Leave every picture out, and retype all the remaining records exactly.

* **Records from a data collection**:
((

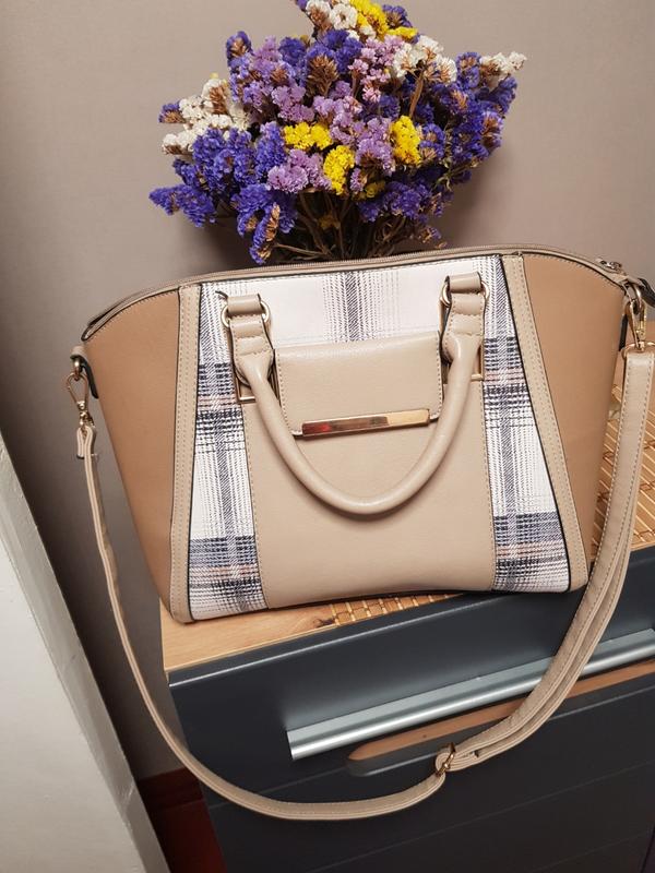 Довжина 41,висота 27,ширина 18.Одне місткі відділення і маленька кишенька. Майже непомітне плямочка на зворотному боці сумки
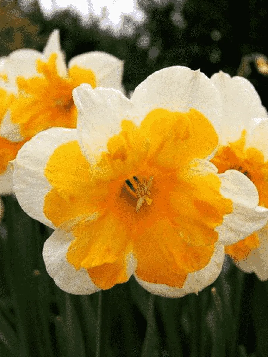 Нарцисс Orangery пленяет взор изысканным сочетанием нежности и яркости, воплощённым в элегантной форме цветка и насыщенной палитре оттенков. Листья узколинейные, гладкие, ярко-зелёные, слегка блестящие, образуют компактную розетку, подчёркивая стройность стебля высотой до 45 см. Цветки крупные, одиночные, располагаются на верхушке прямостоячего цветоноса, раскрываясь во всей красе ранней весной. Лепестки венчика окрашены в чистый белый тон, контрастируя с крупной оранжевой коронкой, придающей нарциссу особую декоративность и очарование. Коронка глубокая, трубчатая, украшена волнистым краем, словно искусная кружевная кайма. Растёт преимущественно на солнечных участках, предпочитая плодородные почвы, легко размножается луковицами, формируя живописные группы и создавая яркие акценты в весеннем саду.
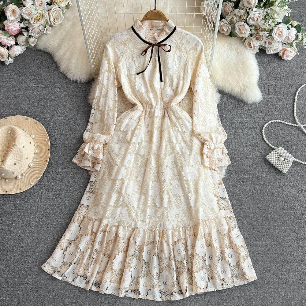 Весенне-осенние женские винтажные повседневные платья с воротником-стойкой бежевого цвета с длинными рукавами
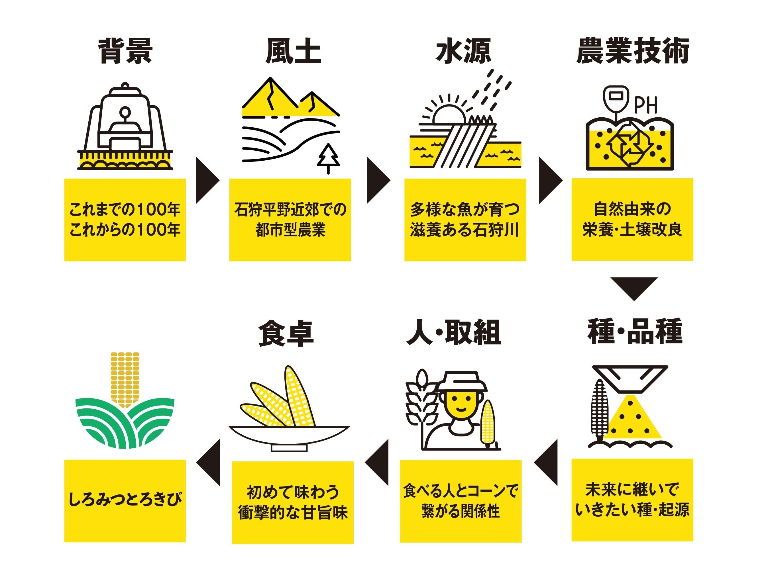 世界一おいしいコーンを作り続け、江別にいけばもぎたてのおいしいコーンが食べられるという安心感。その安心感を、Corn Land HOKKAIDOとして具体的に書いてみました。
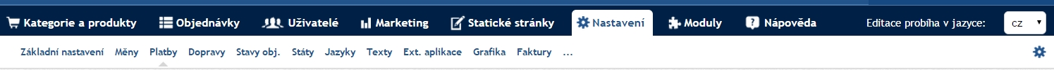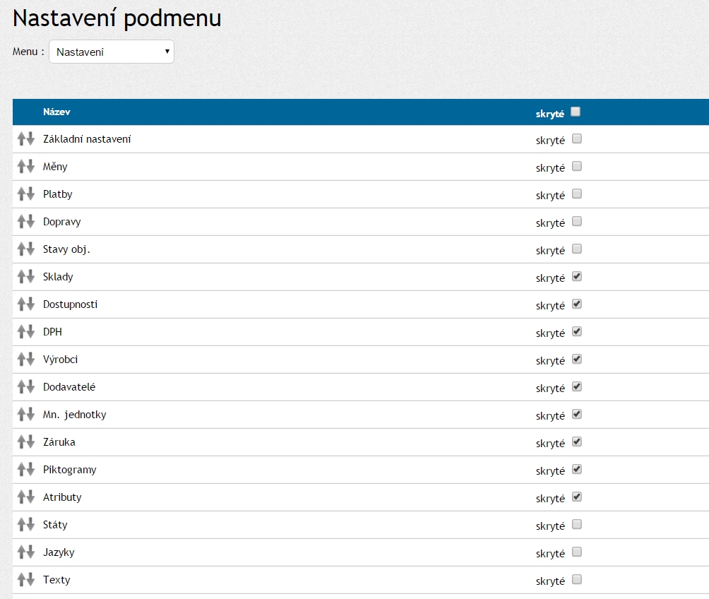 V pravé části každého submenu se nachází ikonka ozubeného kola, prostř. které je možné nastavit, které položky se v rámci daného menu mají vypisovat a je také možné nastavit jejich pořadí. Ne vždy potřebuje správce e-shopu, aby byly všechny položky viditelné a pokud jejich zobrazování nastaví dle svých potřeb, může tak velmi zefektivnit práci v systému. Pokud jsou některé položky v menu skryté je možné je zobrazit kliknutím na "..." - viz obrázek výše.

))

* **Completed task**:
 Довжина 41,висота 27,ширина 18.Одне місткі відділення і маленька кишенька. Майже непомітне плямочка на зворотному боці сумки
 Нарцисс Orangery пленяет взор изысканным сочетанием нежности и яркости, воплощённым в элегантной форме цветка и насыщенной палитре оттенков. Листья узколинейные, гладкие, ярко-зелёные, слегка блестящие, образуют компактную розетку, подчёркивая стройность стебля высотой до 45 см. Цветки крупные, одиночные, располагаются на верхушке прямостоячего цветоноса, раскрываясь во всей красе ранней весной. Лепестки венчика окрашены в чистый белый тон, контрастируя с крупной оранжевой коронкой, придающей нарциссу особую декоративность и очарование. Коронка глубокая, трубчатая, украшена волнистым краем, словно искусная кружевная кайма. Растёт преимущественно на солнечных участках, предпочитая плодородные почвы, легко размножается луковицами, формируя живописные группы и создавая яркие акценты в весеннем саду.
 Весенне-осенние женские винтажные повседневные платья с воротником-стойкой бежевого цвета с длинными рукавами
 世界一おいしいコーンを作り続け、江別にいけばもぎたてのおいしいコーンが食べられるという安心感。その安心感を、Corn Land HOKKAIDOとして具体的に書いてみました。
 V pravé části každého submenu se nachází ikonka ozubeného kola, prostř. které je možné nastavit, které položky se v rámci daného menu mají vypisovat a je také možné nastavit jejich pořadí. Ne vždy potřebuje správce e-shopu, aby byly všechny položky viditelné a pokud jejich zobrazování nastaví dle svých potřeb, může tak velmi zefektivnit práci v systému. Pokud jsou některé položky v menu skryté je možné je zobrazit kliknutím na "..." - viz obrázek výše.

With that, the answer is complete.